── Data provided

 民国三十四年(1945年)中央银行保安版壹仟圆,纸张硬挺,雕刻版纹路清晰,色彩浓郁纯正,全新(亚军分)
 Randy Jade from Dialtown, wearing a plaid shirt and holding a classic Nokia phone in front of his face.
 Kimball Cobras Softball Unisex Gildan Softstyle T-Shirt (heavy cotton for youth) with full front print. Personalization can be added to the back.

────
── Data provided

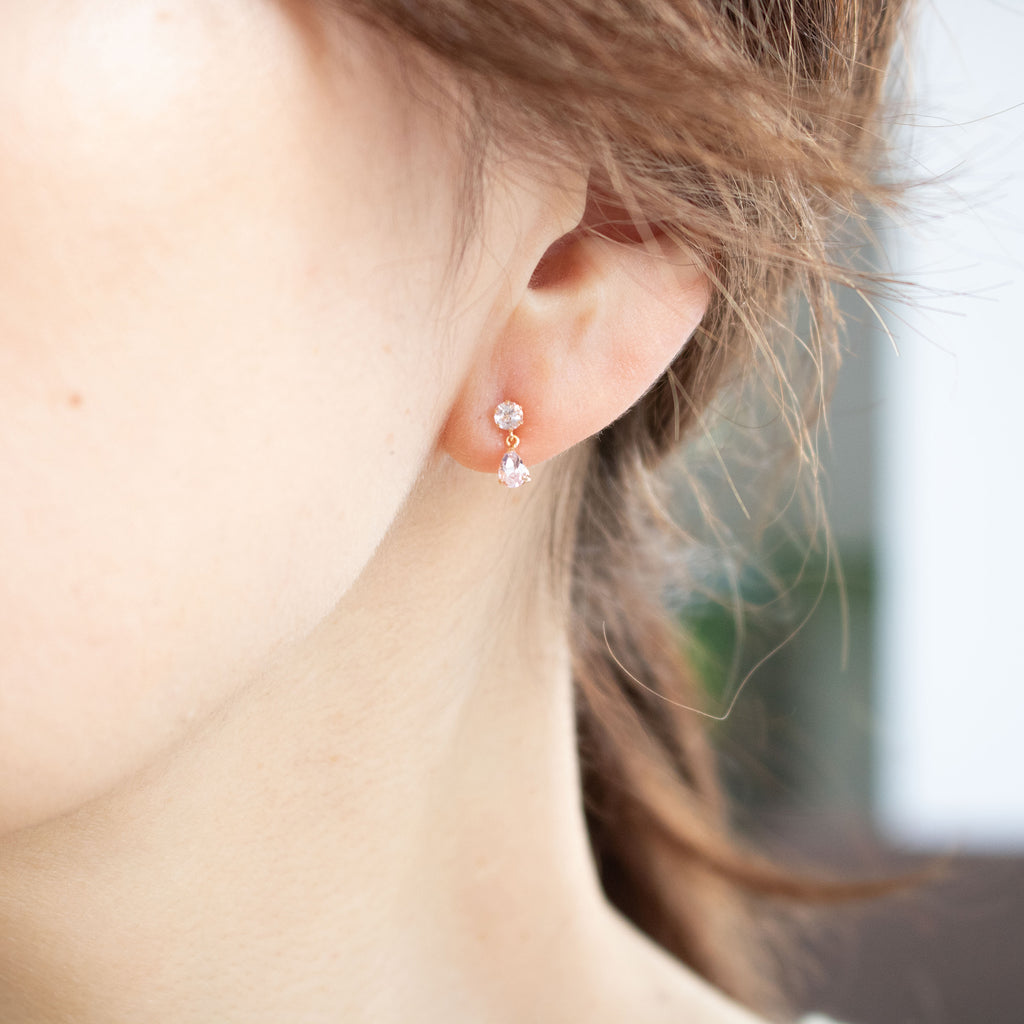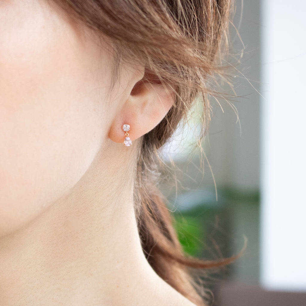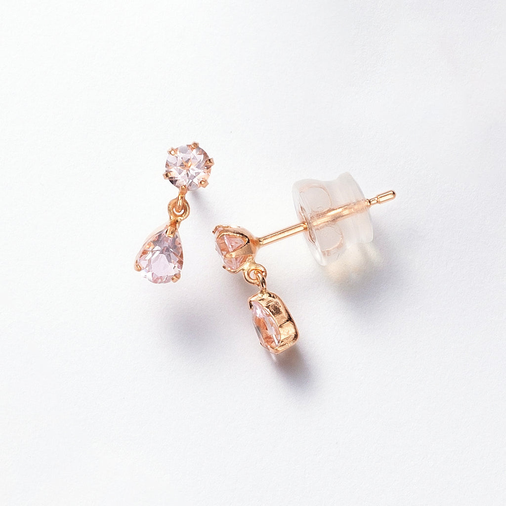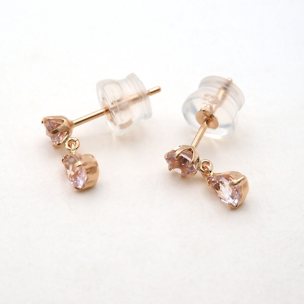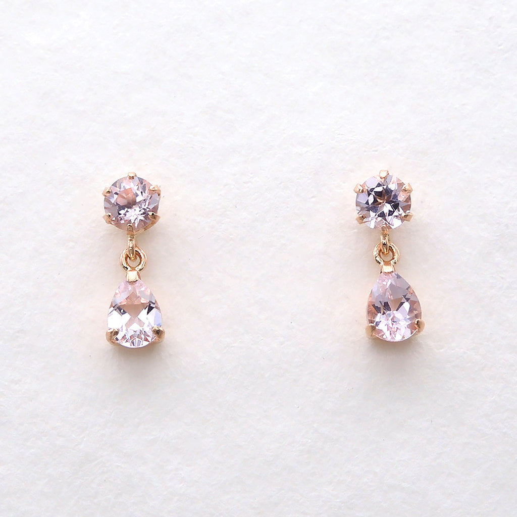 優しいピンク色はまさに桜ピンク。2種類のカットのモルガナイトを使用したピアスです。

────

From the data above, output only the lines between the line containing "民国三十四年(1945年)中" and the line containing "Randy Jade from", inclusive, exactly as written.

Written answer:
 民国三十四年(1945年)中央银行保安版壹仟圆,纸张硬挺,雕刻版纹路清晰,色彩浓郁纯正,全新(亚军分)
 Randy Jade from Dialtown, wearing a plaid shirt and holding a classic Nokia phone in front of his face.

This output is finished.